TVN described the decision to extend its licence as “bittersweet” and said that it proved “there was never any legitimate reason to deny or delay the licence”.

However, it expressed concern that the media regulator was using the accompanying resolution “to challenge current media ownership rules” and warned that this “undermines the democratic legislative process itself”.

“It appears that the Polish authorities are seeking new rulemaking on media ownership as a way around the legislative processes,” it said in a statement. “The rule of law, freedom of the press and stability for foreign investments are still very much at risk.”

The delay in renewing TVN24's licence comes amid broader pressure on independent media that has seen Poland fall from 18th to 64th in the World Press Freedom Index – below Malawi and Armenia – since the conservative-nationalist Law and Justice party (PiS) took office in 2015.

Claque

During its years in power, PiS has reduced the public broadcaster to a claque, used a state-owned oil group to buy up a swath of local media outlets and funnelled advertising from state-owned companies to supportive media groups.

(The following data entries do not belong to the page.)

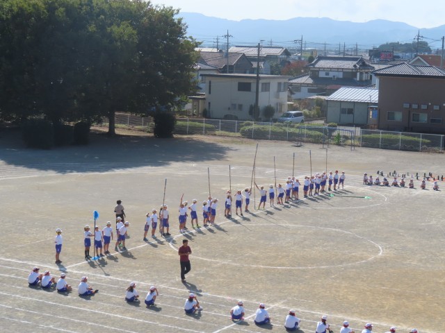 4年生と5年生が合同で、運動会の遊競技の練習に取り組んでいました。力いっぱい競い合い、白熱した練習となっていました。本番に向けて、子どもたちの意気込みが伝わってきました。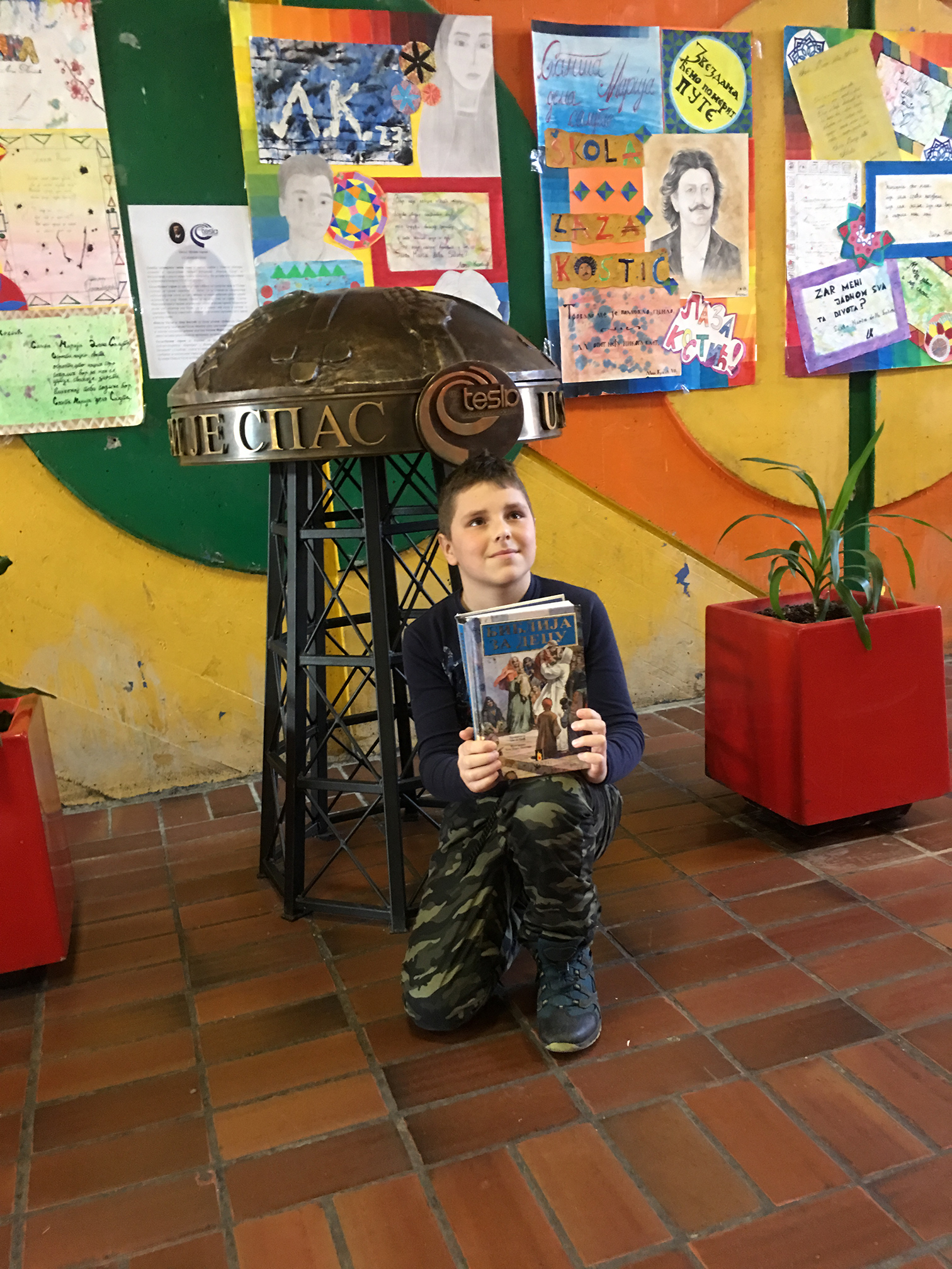 Десетогодишњи Давид Бракус Мехмедовић, ученик V/3 разреда школе „Горња Варош“ из Земуна, први је искористио прилику да се слика испред торња и то са својом дечијом Библијом. „Тесла је био верник, а Библија је леп симбол. Мислио сам да је добро да се сликам са њом, а да људи тумаче како ко жели“, објашњава мали Давид, који је из Земуна дошао у нади да освоји своју прву медаљу.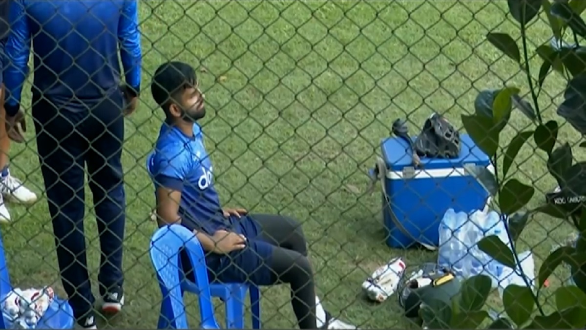 বাংলাদেশের অনুশীলনে শামীম হোসেনের পায়ে চোট পাওয়াটা যেন হঠাৎই ছন্দপতন। মাটিতে লুটিয়ে পড়েছেন এই অ্যাটাকিং ব্যাটার। একটু পর উঠলেও হাঁটতে পারছিলেন না ঠিক মতো। খুঁড়িয়ে খুঁড়িয়ে রানিংয়ের চেষ্টা করেও খুব একটা সুবিধা করতে পারেননি তিনি। আশ্রয় নিতে হয়েছে পাশে থাকা চেয়ারে।

The government also put forward proposals earlier this year for a new tax on advertising revenues, which sparked an unprecedented blackout from private media groups in protest at the move, which they saw as a serious – and targeted – threat to independent journalism.

In an escalation of the pressure on TVN, PiS MPs in the lower house of parliament also voted through a Bill in August that would force Discovery to sell its stake in TVN.

The Bill was subsequently rejected by the opposition-controlled upper house, and Poland's president Andrzej Duda has also expressed reservations about it. But PiS officials have previously indicated that they would try to revive the Bill later this month.